■ Exercise goal
Although the entries contain pictures, copy only their text, exactly as written.

== Provided data

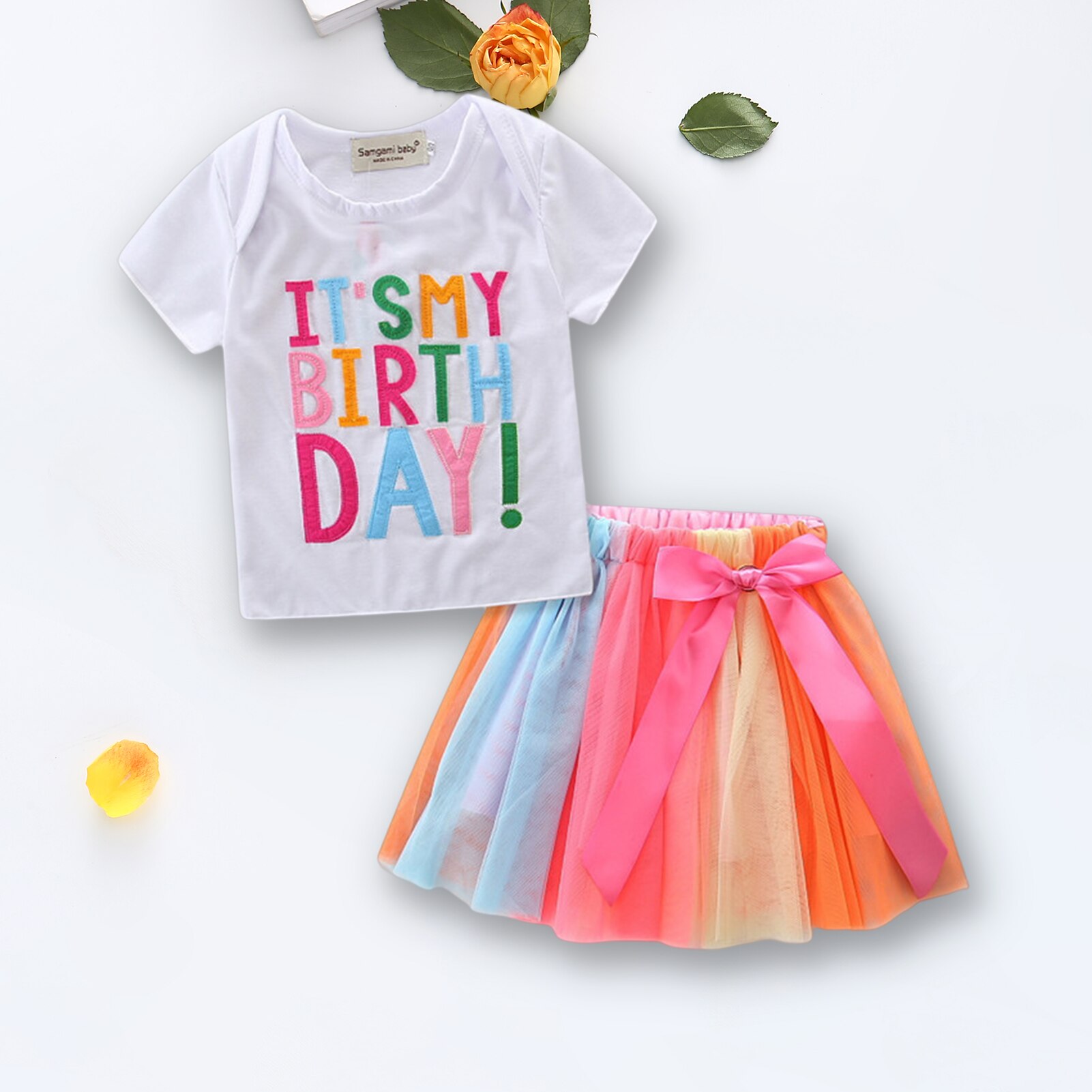 Летняя одежда для маленьких девочек, милая цветная футболка с коротким рукавом + юбка на день рождения + Тюлевая юбка-пачка, повседневная одежда для детей
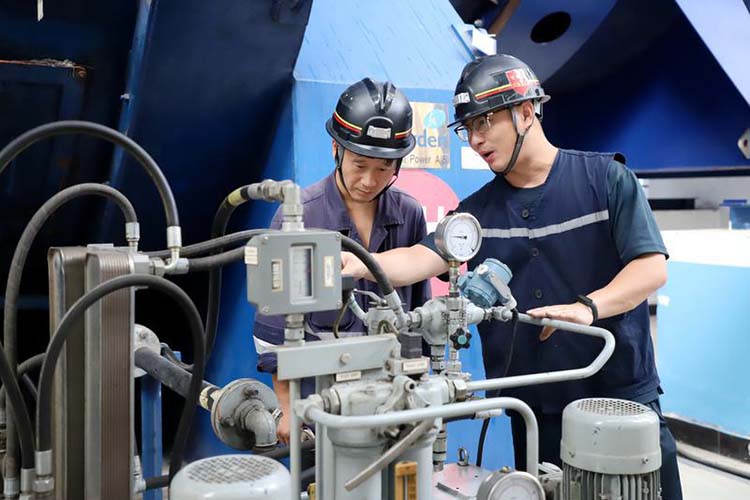 潘二矿持续深化“党员责任区”、“党员示范岗”创建活动,引导广大党员充分发挥“传、帮、带”的先锋模范作用,在安全生产、技术革新、应急抢险等关键任务中亮身份、作表率、当先锋。图为矿保运二区党员骨干(右)向职工讲解主通风机润滑站日常保养要点。(刘辉 摄)
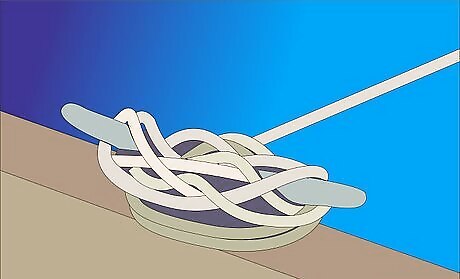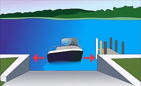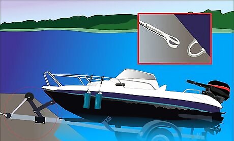 Secure the boat to the dock. Tie the mooring lines to cleats on the dock. Use fenders to prevent the hull from being scratched. If you forget to tie a dock line to the boat, you won't be able to sure your boat after you've launched it.
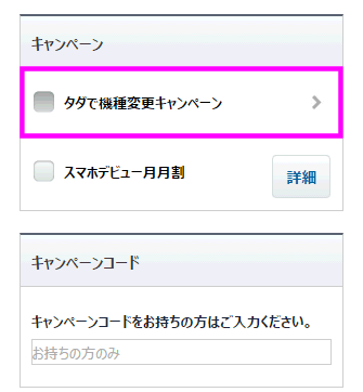 SoftBankの下取りは、「タダで機種変更キャンペーン」という名前のようです。ここをタップします。
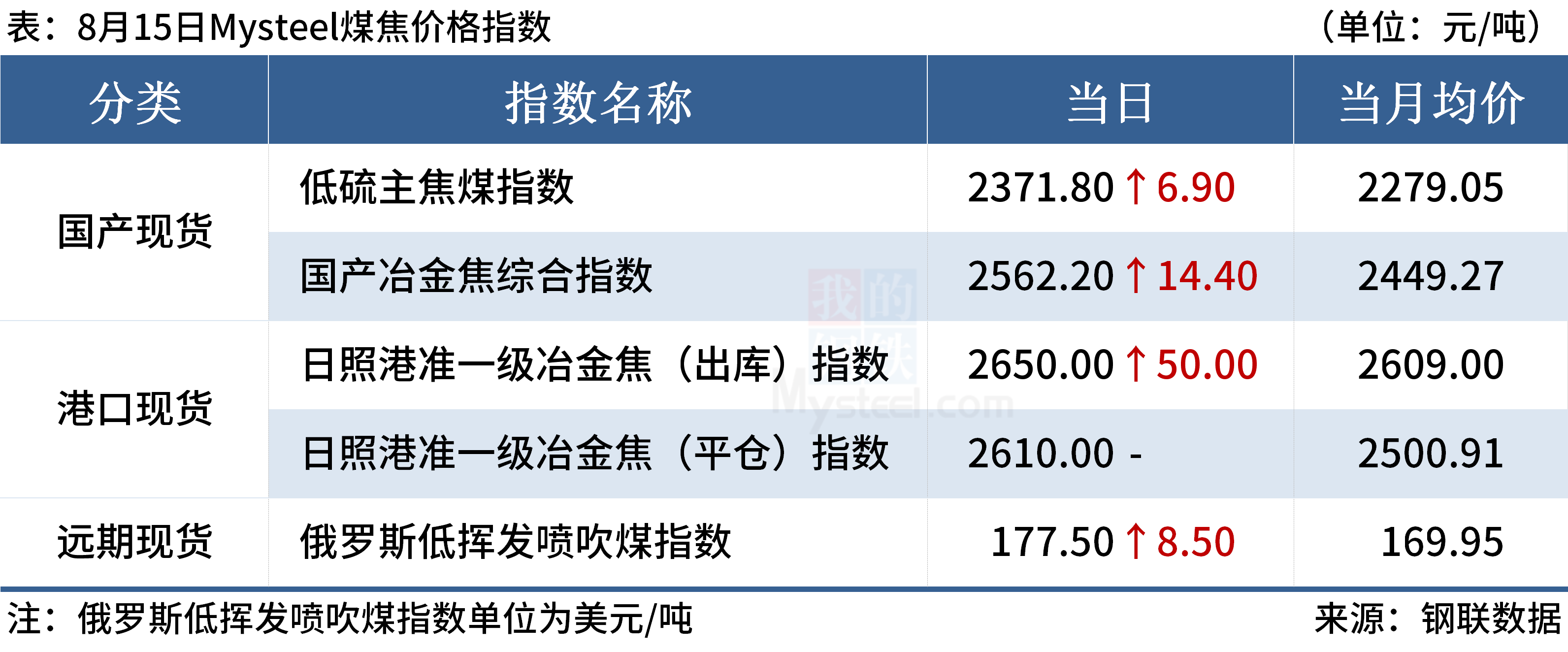 ◎ 邢台、定州、山东市场焦炭(3007, 32.00, 1.08%)价格计划提涨,湿熄焦上调200元/吨、干熄焦上调240元/吨,自8月16日0时起执行。
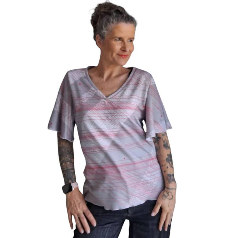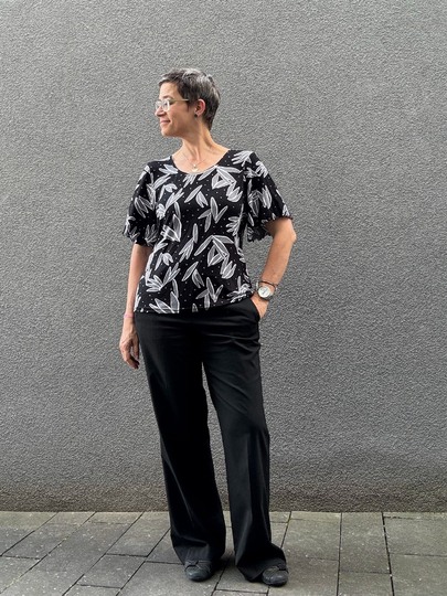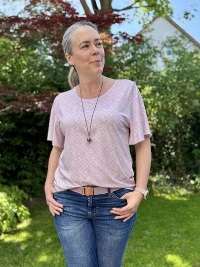 Das Shirt eignet sich besonders gut für einen fließenden Viskosejersey, der den Fall schön unterstützt und für ein angenehmes Tragegefühl sorgt. Viel Spaß beim Nähen und Tragen!
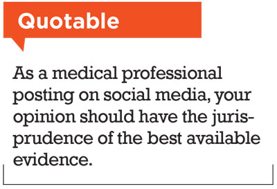 As a medical professional positing on social media, your opinion should have the jurisprudence of the best available evidence. Similarly, guide patients and your online audience to credible peer-reviewed websites. Social media is part of our voice and, as retina specialists and medical doctors, we have to continue to speak the truth with clear affect. RS
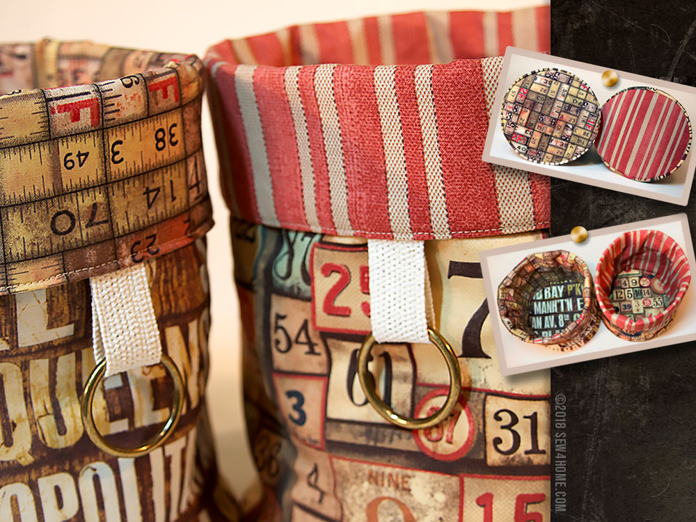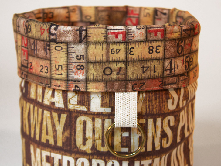 The fold-over cuff is also a great way to showcase coordinating fabrics. As mentioned above, we added a loop and metal ring to the cuff to use as a “drawer pull,” allowing you to access the baskets when lined up on a shelf. You could also use it to ID the basket contents, clip on a key to keep it handy, or attach a gift tag.
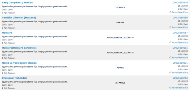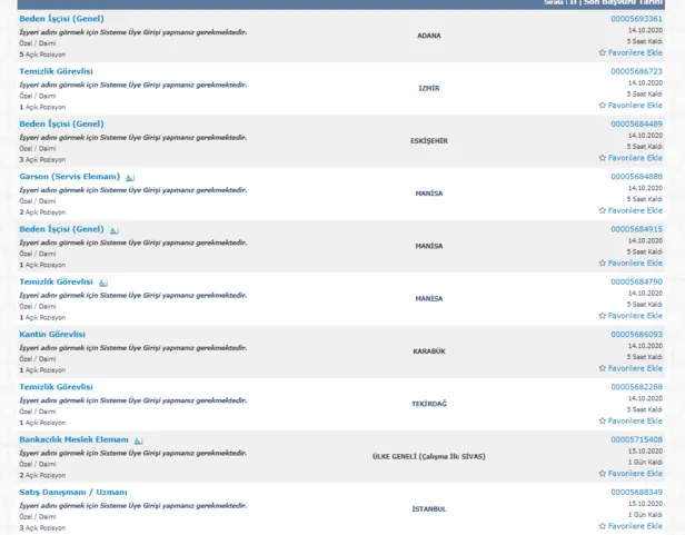 Açılan ekranda iş ilanlarına bakabilmek için ilk adımda iş arayan ya da iş veren olma durumunun belirtilmesi gerekir. Sonrasında aranılan özel bir pozisyon, nitelik, meslek, beceri veya firma adı varsa o yazılmalıdır. Eğer genel geçer bütün ilanları görüntülemek istiyorsanız; bu kısmı boş bırakabilirsiniz. Sonrasında aynı sayfa üzerindeki çalışma yeri, ülke, il, ilçe, ilan no, ilan tarihi, meslek, öğrenim durumu, iş yeri türü, engel durumu, vardiya seçenekleri, iş yeri ünvanı gibi bilgiler girilerek "ara" sekmesine basmalısınız. Herhangi özel aradığınız bir ilan, iş yeri yoksa; ilan no, ilan tarihi ve iş yeri ünvanı sekmelerini boş bırakabilirsiniz.
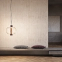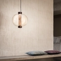 Bolha è una sospensione unica nel suo genere. Impossibile non restare colpiti dal diffusore a forma di sfera trasparente e dal cilindro utilizzato per la sorgente luminosa. Questa soluzione è adatta ad arredamenti moderni e può essere collocata in ogni ambiente portando un tocco di design. Il vetro esterno è realizzato in borosilicato trasparente mentre il diffusore interno è in vetro soffiato color ambra. Struttura in metallo verniciato.
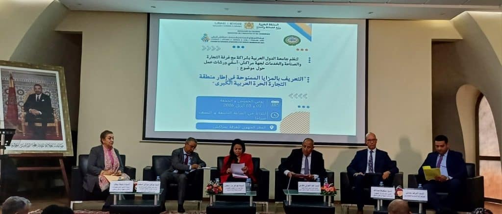 نظمت جامعة الدول العربية (إدارة التكامل الاقتصادي) بشراكة مع وزارة الصناعة والتجارة وغرفة التجارة والصناعة والخدمات لجهة مراكش آسفي، ورشات عمل حول التعريف بالمزايا الممنوحة في إطار منطقة التجارة الحرة العربية الكبرى، يومي الخميس والجمعة 02 و03 أبريل 2026، بالمقر الجهوي للغرفة بمراكش.
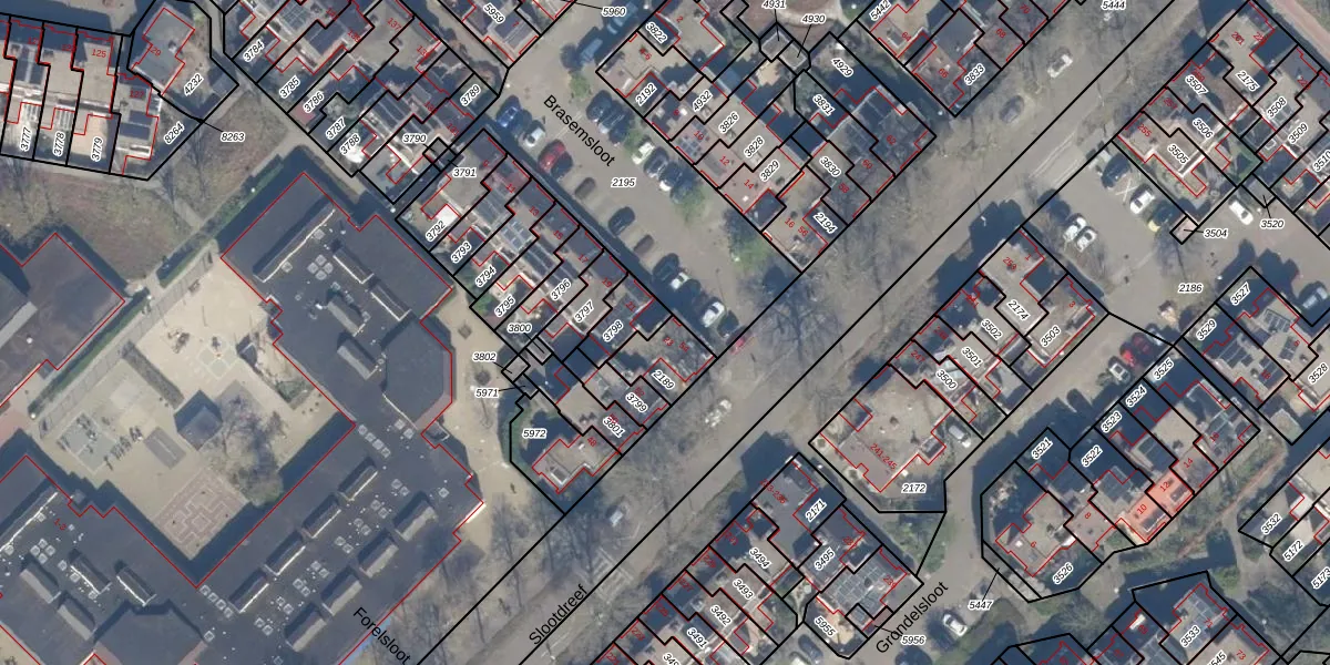 Het perceel waarop Brasemsloot 23 staat heeft een oppervlakte van 115 m². Dit is een middelgroot perceel. De perceeloppervlakte wordt geregistreerd door het Kadaster. Gedetailleerde informatie over de maten van dit perceel kunt u vinden in het rapport Kadastrale kaart met maatvoering van Brasemsloot 23.
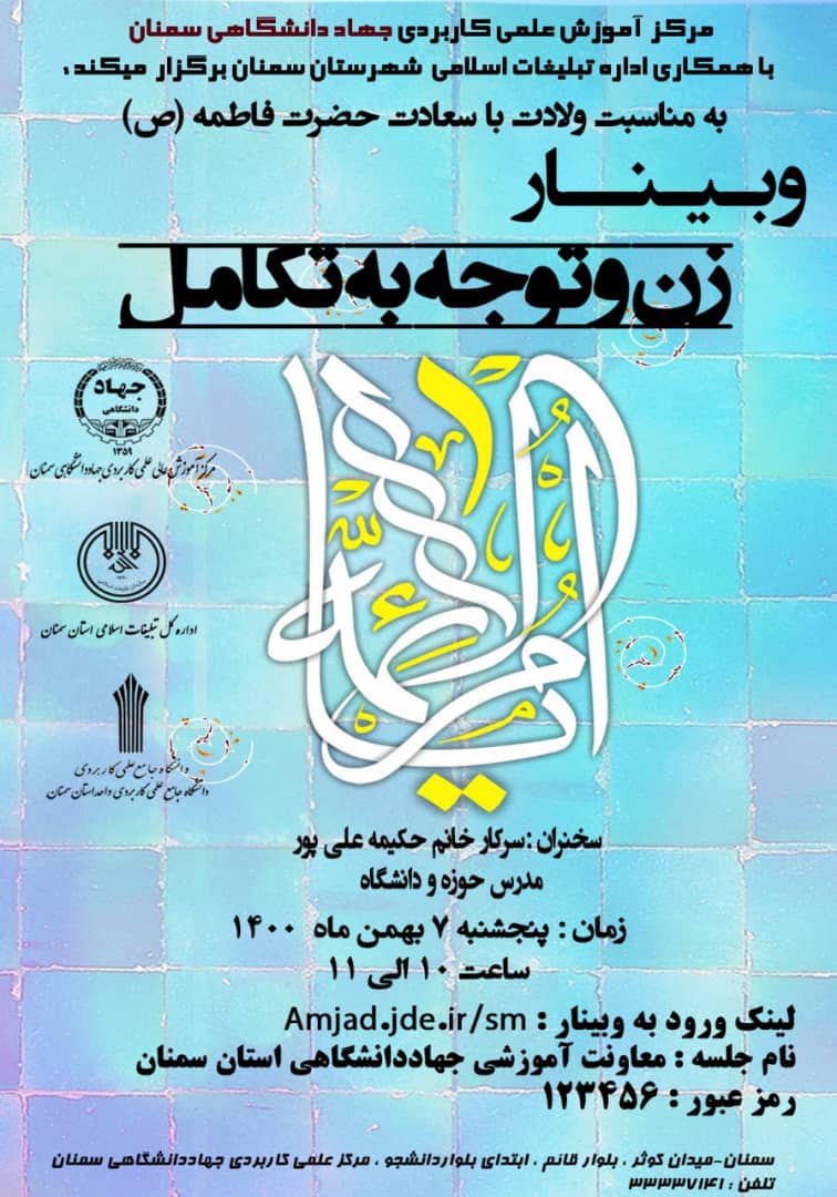 برگزاری وبینار زن و توجه به تکامل توسط مرکز آموزش علمی کاربردی جهاد دانشگاهی سمنان ۰۵ بهمن ۱۴۰۰ | ۱۴:۱۱ کد : ۵۹۲۷۰ اخبار ارسال به دیگران نام شما ایمیل شما ایمیل دریافتکننده ارسال انصراف تعداد بازدید:۱۲۳۸ مرکز آموزش علمی کاربردی جهاد دانشگاهی سمنان با همکاری اداره تبلیغات اسلامی شهرستان سمنان به مناسبت ولادت با سعادت حضرت فاطمه (ص) برگزار می کند.

====

■ Task response
 Летняя одежда для маленьких девочек, милая цветная футболка с коротким рукавом + юбка на день рождения + Тюлевая юбка-пачка, повседневная одежда для детей
 潘二矿持续深化“党员责任区”、“党员示范岗”创建活动,引导广大党员充分发挥“传、帮、带”的先锋模范作用,在安全生产、技术革新、应急抢险等关键任务中亮身份、作表率、当先锋。图为矿保运二区党员骨干(右)向职工讲解主通风机润滑站日常保养要点。(刘辉 摄)
 Secure the boat to the dock. Tie the mooring lines to cleats on the dock. Use fenders to prevent the hull from being scratched. If you forget to tie a dock line to the boat, you won't be able to sure your boat after you've launched it.
 SoftBankの下取りは、「タダで機種変更キャンペーン」という名前のようです。ここをタップします。
 ◎ 邢台、定州、山东市场焦炭(3007, 32.00, 1.08%)价格计划提涨,湿熄焦上调200元/吨、干熄焦上调240元/吨,自8月16日0时起执行。
 Das Shirt eignet sich besonders gut für einen fließenden Viskosejersey, der den Fall schön unterstützt und für ein angenehmes Tragegefühl sorgt. Viel Spaß beim Nähen und Tragen!
 As a medical professional positing on social media, your opinion should have the jurisprudence of the best available evidence. Similarly, guide patients and your online audience to credible peer-reviewed websites. Social media is part of our voice and, as retina specialists and medical doctors, we have to continue to speak the truth with clear affect. RS
 The fold-over cuff is also a great way to showcase coordinating fabrics. As mentioned above, we added a loop and metal ring to the cuff to use as a “drawer pull,” allowing you to access the baskets when lined up on a shelf. You could also use it to ID the basket contents, clip on a key to keep it handy, or attach a gift tag.
 Açılan ekranda iş ilanlarına bakabilmek için ilk adımda iş arayan ya da iş veren olma durumunun belirtilmesi gerekir. Sonrasında aranılan özel bir pozisyon, nitelik, meslek, beceri veya firma adı varsa o yazılmalıdır. Eğer genel geçer bütün ilanları görüntülemek istiyorsanız; bu kısmı boş bırakabilirsiniz. Sonrasında aynı sayfa üzerindeki çalışma yeri, ülke, il, ilçe, ilan no, ilan tarihi, meslek, öğrenim durumu, iş yeri türü, engel durumu, vardiya seçenekleri, iş yeri ünvanı gibi bilgiler girilerek "ara" sekmesine basmalısınız. Herhangi özel aradığınız bir ilan, iş yeri yoksa; ilan no, ilan tarihi ve iş yeri ünvanı sekmelerini boş bırakabilirsiniz.
 Bolha è una sospensione unica nel suo genere. Impossibile non restare colpiti dal diffusore a forma di sfera trasparente e dal cilindro utilizzato per la sorgente luminosa. Questa soluzione è adatta ad arredamenti moderni e può essere collocata in ogni ambiente portando un tocco di design. Il vetro esterno è realizzato in borosilicato trasparente mentre il diffusore interno è in vetro soffiato color ambra. Struttura in metallo verniciato.
 نظمت جامعة الدول العربية (إدارة التكامل الاقتصادي) بشراكة مع وزارة الصناعة والتجارة وغرفة التجارة والصناعة والخدمات لجهة مراكش آسفي، ورشات عمل حول التعريف بالمزايا الممنوحة في إطار منطقة التجارة الحرة العربية الكبرى، يومي الخميس والجمعة 02 و03 أبريل 2026، بالمقر الجهوي للغرفة بمراكش.
 Het perceel waarop Brasemsloot 23 staat heeft een oppervlakte van 115 m². Dit is een middelgroot perceel. De perceeloppervlakte wordt geregistreerd door het Kadaster. Gedetailleerde informatie over de maten van dit perceel kunt u vinden in het rapport Kadastrale kaart met maatvoering van Brasemsloot 23.
 برگزاری وبینار زن و توجه به تکامل توسط مرکز آموزش علمی کاربردی جهاد دانشگاهی سمنان ۰۵ بهمن ۱۴۰۰ | ۱۴:۱۱ کد : ۵۹۲۷۰ اخبار ارسال به دیگران نام شما ایمیل شما ایمیل دریافتکننده ارسال انصراف تعداد بازدید:۱۲۳۸ مرکز آموزش علمی کاربردی جهاد دانشگاهی سمنان با همکاری اداره تبلیغات اسلامی شهرستان سمنان به مناسبت ولادت با سعادت حضرت فاطمه (ص) برگزار می کند.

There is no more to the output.